Same-sex marriages have been legal in South Carolina since November when two district judges ruled against the state’s voter-approved gay marriage ban in separate cases.

Appeals of both were on hold pending the U.S. Supreme Court ruling.

In one, Condon and Bleckley sued for the right to marry. In the other, Highway Patrol trooper Katherine Bradacs and Air Force veteran Tracie Goodwin, who have three children, married legally in Washington, D.C., and then sought to get their marriage recognized in their home state of South Carolina.

M. Malissa Burnett, a lead attorney for Condon and Bleckley, wiped tears from her eyes as she sat at her law office desk in Columbia and read the Supreme Court’s opinion.

“Oh my gosh! I’m reading the decision, five to four. Oh, I’m just so relieved that there’s a ‘yes’ vote on both of the questions. I was so afraid the court would vote ‘yes’ on recognition but ‘no’ on” requiring states to issue marriage licenses,” she said.

The lawsuit Burnett brought opened the doors to same-sex marriages in South Carolina last fall.

“The freedom to marry is available to all who love each other. The court will provide equal protection for the couples and their families,” Burnett added. “This means they will have all of the rights of other married couples — legal, financial and medical.”

Attorney John Nichols, who represented Bradacs and Goodwin in South Carolina’s other major case, said his clients are “both relieved and ecstatic. The majority got it right, and we are a step closer to equality in this country.”

However, state Attorney General Alan Wilson, who fought to uphold South Carolina’s voter-approved gay marriage ban, called the ruling “a devastating blow” to the 10th Amendment, which delegates federal and state powers.

“Our system of government was founded upon checks and balances within different branches of government, not upon the unlimited power of unelected judges,” Wilson said in a statement. “It is now imperative for us to protect the religious freedom upon which our country was founded. No individual or faith-based institution should be forced to violate deeply held religious beliefs.”

The ruling frustrated orthodox Christians who interpret Scripture as condemning same-sex marriage.

The Diocese of South Carolina, which broke away from The Episcopal Church, issued a statement on behalf of its 53 parishes noting that while the ruling impacts civil marriage, it doesn’t affect religious marriage. “We stand firmly under the authority of Holy Scripture, in continuity with the 2,000-year history of the church, and in accord with the vast majority of Christians around the world.”

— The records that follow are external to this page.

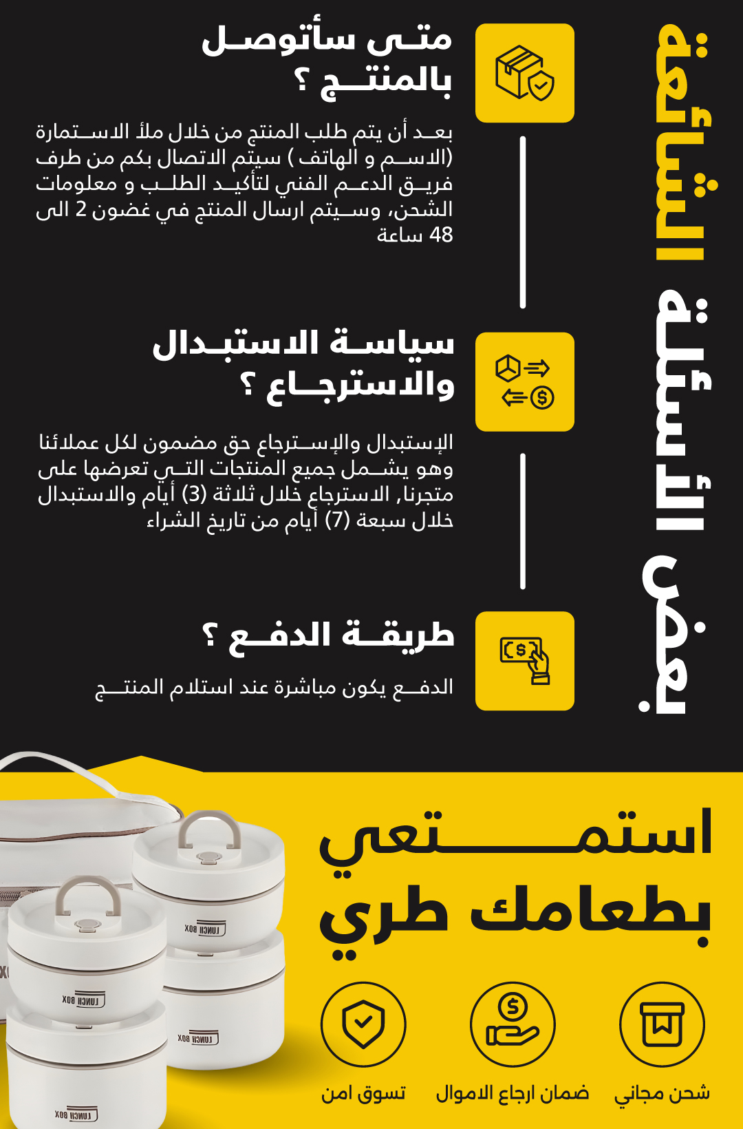الدفع عند الاستلام مدعوم لهدا المنتج، اطلب طلبك وادفع عن وصول المنتج إليك.
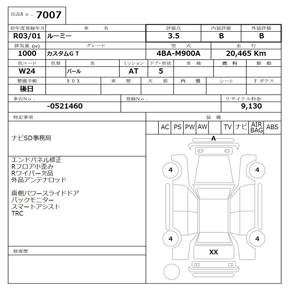 Toyota Roomy, 2021 года - Лот№7007 ★3.5
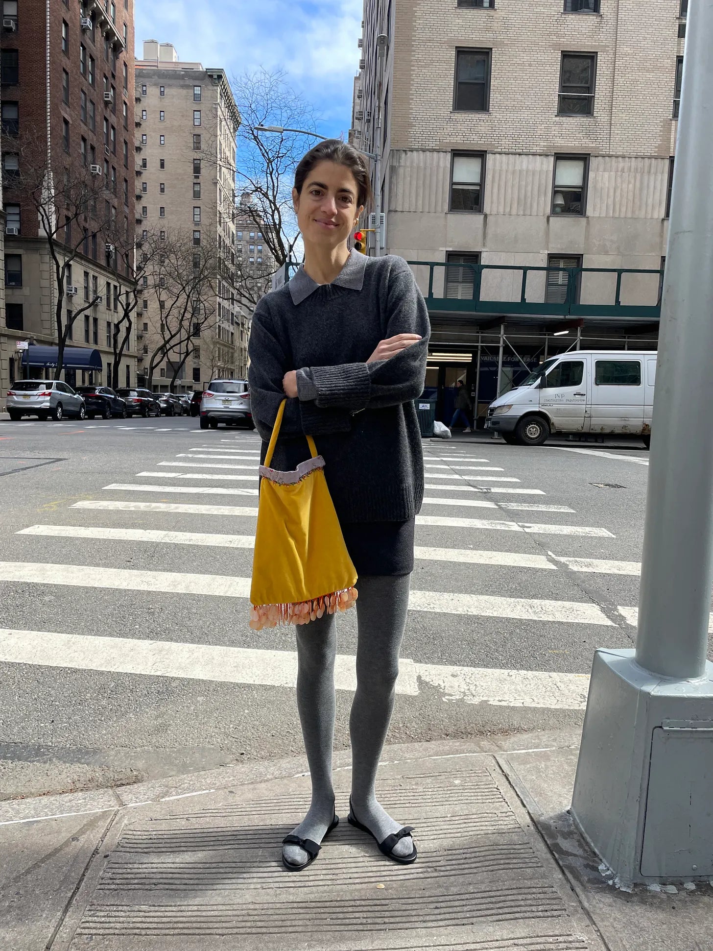 Venstore polo and sweater, Mango skirt, Calzedonia tights, The Row sandals and this bag is from a store in Ibiza called La Galeria Elefante (this weird thing from Etsy evokes the same spirit; and I loooove this one)
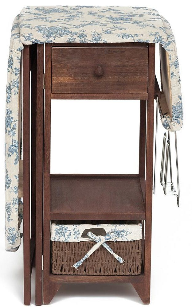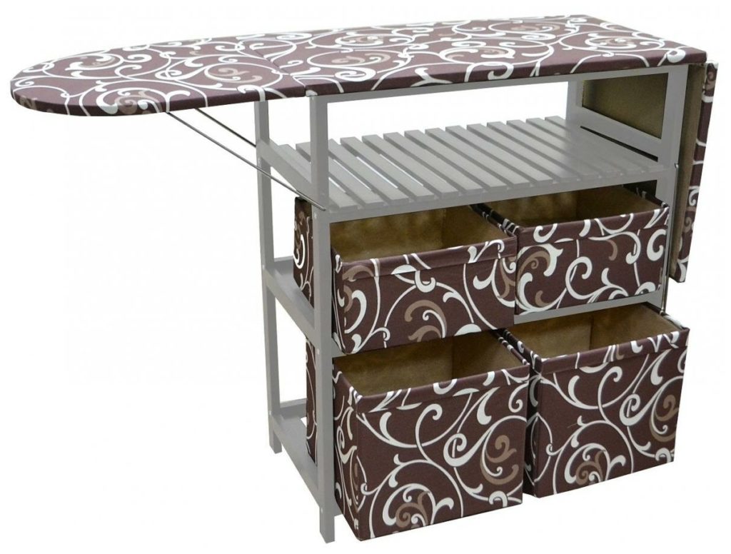 Uma cômoda com tábua de passar embutida tem 4 gavetas, 2 grandes e 2 pequenas. Padrão de tecido: monograma. Cor da superfície: marrom. Tela de trabalho: 405x1534 cm Peso: 15 kg. Quando dobrado, não ocupa muito espaço, é conveniente armazená-lo. Um ferro pode ser colocado na prateleira superior. Custo: 11224 rublos.
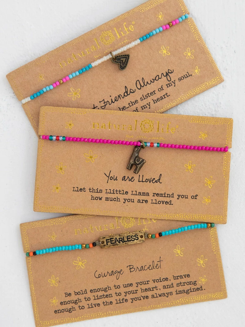 This sweet bracelet is the perfect gift to give to friends and family. It’s made with colorful glass and ceramic beads with a special metal charm that will help encourage you or remind someone how special they are. The little story on the card will help you pick the right one for each person!
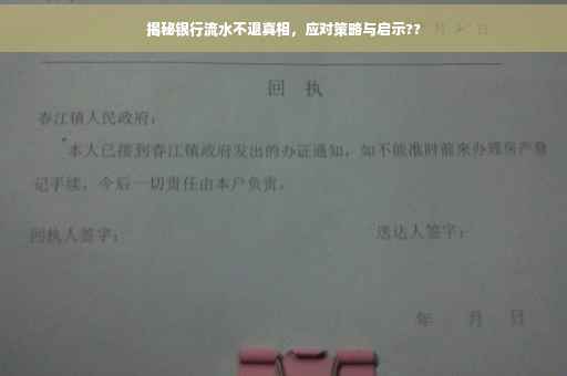 近年来,随着金融市场的快速发展,银行业务日益繁忙,其中银行流水作为企业与个人经济活动的直接体现,其重要性日益凸显,在某些情况下,人们可能会遇到银行流水不退的情况,这不仅引发了公众对银行服务质量的质疑,也涉及到金融市场的规范与监管问题,本文将围绕这一主题展开探讨,揭示背后的真相,并为大家带来一些启示。
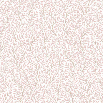 Luxuriöse Vliestapete mit Vinyloberfläche, Stoffstruktur, Motiv aus Zweigen mit Blättern, in Rosa- und Beigetönen.
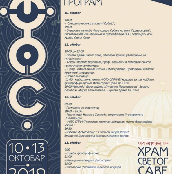 Први међународни фестивал фотографије “ФОС”, у организацији Храма Светог Саве, одржаће се у Београду од 10. до 13. октобра 2019. године. Више на плакату поред.
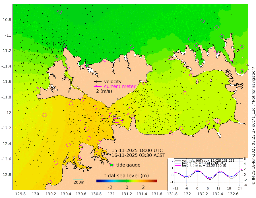 86cm/s 78T +4cm/s rms + 6cm/s 51T. Darwin_C1 52m 62cm/s 92T +4cm/s rms + 7cm/s -161T. Darwin_CW1 22m 58cm/s 73T +4cm/s rms + 8cm/s 61T. Darwin_CW2 34m 48cm/s 45T +3cm/s rms + 9cm/s 98T. Darwin_CW3 22m 89cm/s 89T +5cm/s rms + 7cm/s 88T. Darwin_C3 56m 46cm/s 65T +2cm/s rms + 9cm/s -126T. Darwin_CTbW 22m 15cm/s 75T +1cm/s rms + 1cm/s -47T. DARBGF 30m 11cm/s 99T +4cm/s rms + 3cm/s 80T. NRSDAR 19m -4cm Goodrich Bank 117cm Point Jenny 117cm Native Point 132cm Fish Reef 129cm Tapa Bay 56cm Point Fawcett (Offshore) 146cm Burge Point 120cm Munkunuwa 106cm Beagle A 135cm Parsons Bank 142cm Fenton Patches 129cm Hancox Shoal Area 137cm Nightcliff 154cm Darwin 137cm Charles Point Patches 122cm Glyde Point 101cm Chambers Bay 105cm Point Stuart 104cm Cape Hotham 89cm Christine Reef 112cm West Alligator Head 109cm East Field Island 89cm Two Hills Bay 88cm Camp Point 129cm Medina Inlet South 42cm South Barlow Point 22cm St. Asaph Bay -1cm Cape Van Dieman 2cm Snake Bay 2cm Cache Point 13cm Point Jahleel (Off) 48cm Cape Don 18cm Port Essington 15cm Smith Point - West 12cm NW Peacock Island -1cm North Of Jones Shoal 1cm Peacock Island 23cm Point David 16cm D'urville Point 23cm Copeland Island 23cm One Tree Point
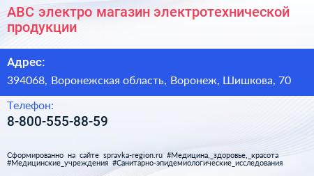 АВС электро, магазин электротехнической продукции по адресу 394068, Воронежская область, Воронеж, Шишкова, 70 в дальнейшем Организация, размещена в следующих категориях:
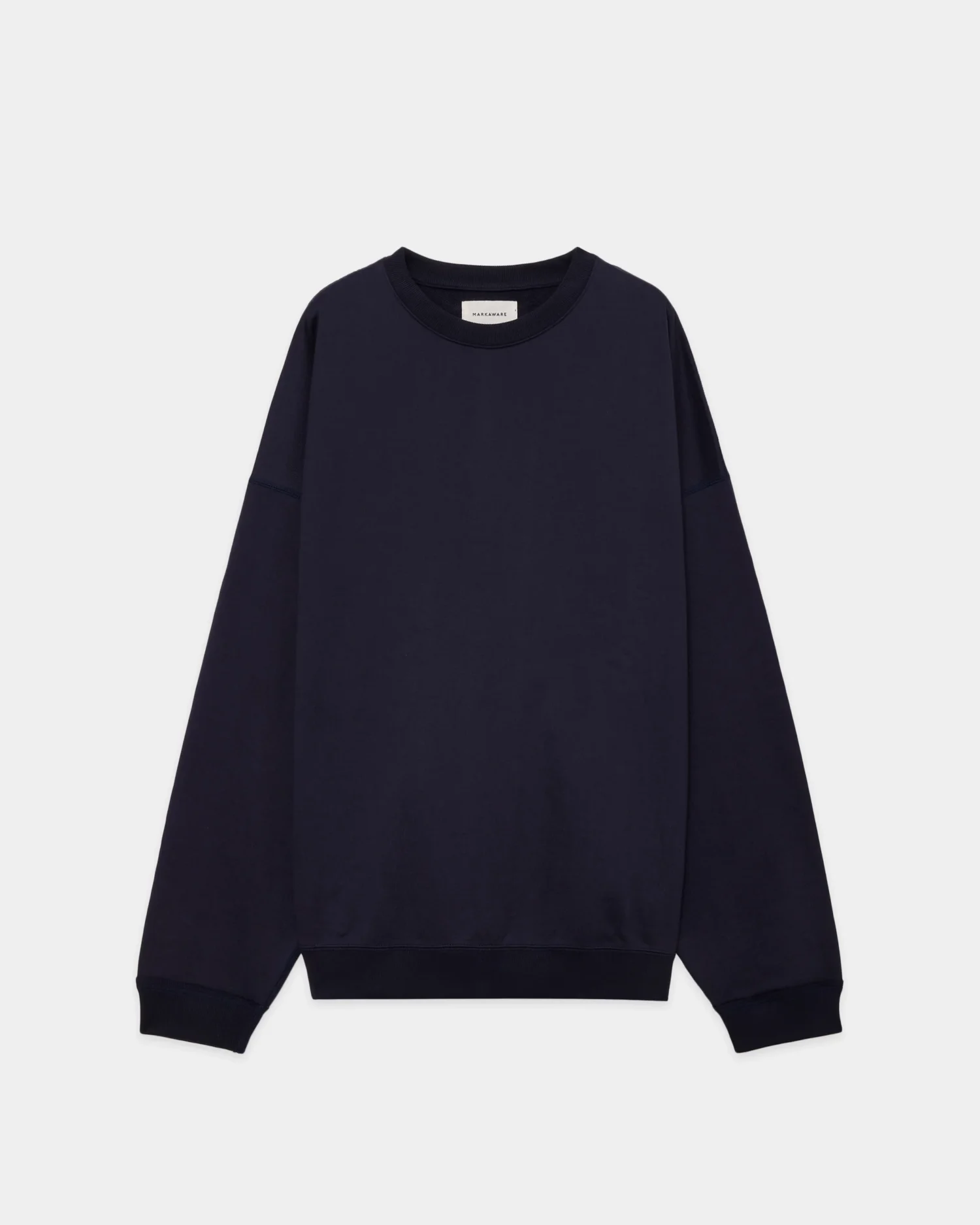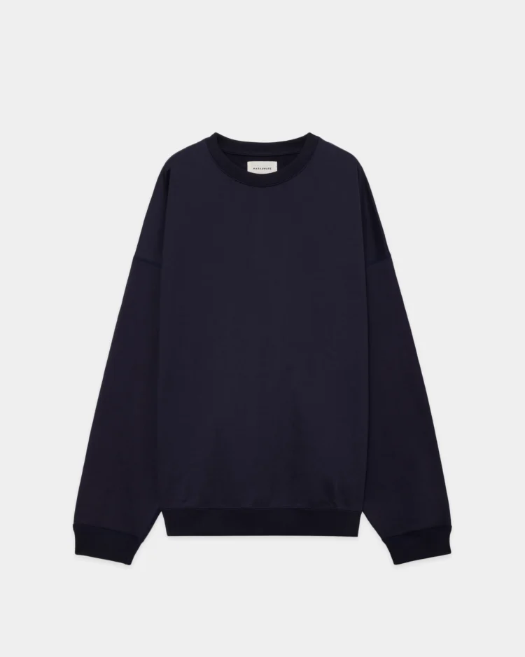 ベーシックなクルーネックスウェットを、自然に肩が落ちるシルエットかつ、360度どこから見ても美しいフォルムに再構築。
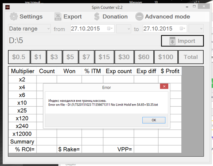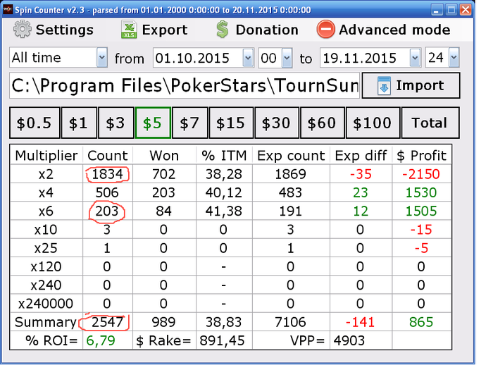 День добрый!Только сегодня увидел возможность установки на ХР и сразу же установил Spin Counter. Но при сверке с вражеской программой обнаружил пропажу трех турниров.Путь и даты выставлены идентичные.В чём может быть проблема,как найти и/или исправить данные турниры?
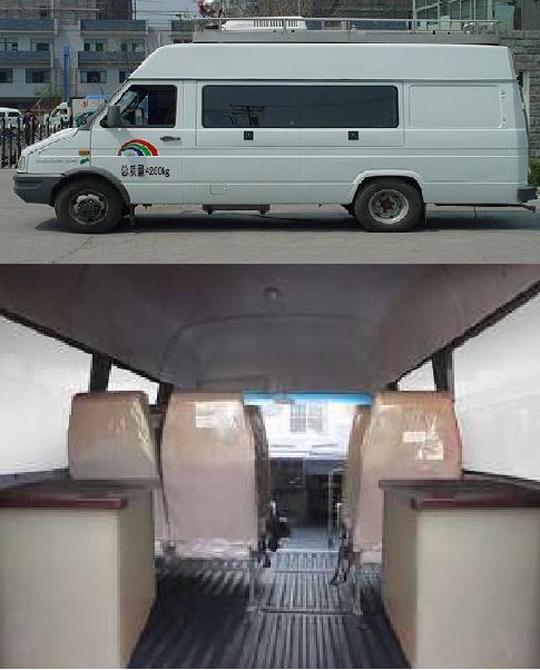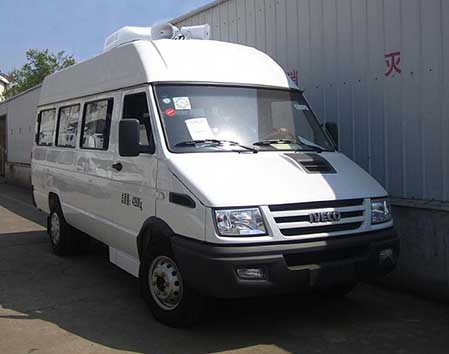 装载有服务柜/台及电源系统、办公系统等服务设施.选装侧后部部分盲窗,上掀门,上掀窗,行李箱门,换气扇,工作平台,喇叭,照明灯具,LED屏,后爬梯,顶置空调,天线.整车高度2670mm.选装低顶高度为2570mm.选装顶置空调,天线高度为3030mm,选装排风扇,各种喇叭及照明灯具高度为2870mm,选装监视器,工作平台高度为2970mm.选装后爬梯.车顶不带选装件车高2670mm.整车整备质量3450kg,选装顶置空调行李架,天线等整备质量3600kg,选装车内的发电机组,设备机柜等专用装置时整备质量3825kg.ABS系统控制器型号:BOSCH ABS8, ABS系统控制器生产企业:博世汽车部件(苏州)有限公司.选装后行李门,选装后上车踏板.发动机最大净功率93KW.随底盘选装一种前围,选装一种高后开门 |

The Rev. Edward Grant wasn’t surprised that the justices overrode the will of voters who passed gay marriage bans, often by wide margins.

“By a single vote these five ‘injustices’ of the Supreme Court violate the definition and practice of marriage that has existed since the founding of our country and, indeed, since the founding of civilization itself,” said Grant, pastor of Calvary Lutheran in West Ashley.

Chief Justice Roberts agreed. He criticized the court majority for writing their social views into the Constitution.

Indeed, the ruling reflects recent public opinion polls that show growing approval of same-sex marriage. More than half of Americans now say it should be legal.

“In our state, where we value tradition, it may happen more slowly than other parts of the country,” said Victoria Middleton, executive director of the ACLU of South Carolina. “But you can just feel in the last week how people in Charleston — and outside of Charleston — really have come together in unity and diversity.”

The issue is especially laden with emotion for people directly impacted by it.

“I feel like God blessed America today by helping us transcend the hate, the division and the notion that we are separate from one another,” local resident Trish Bender said. “In word and now law, we are all truly one nation under God.”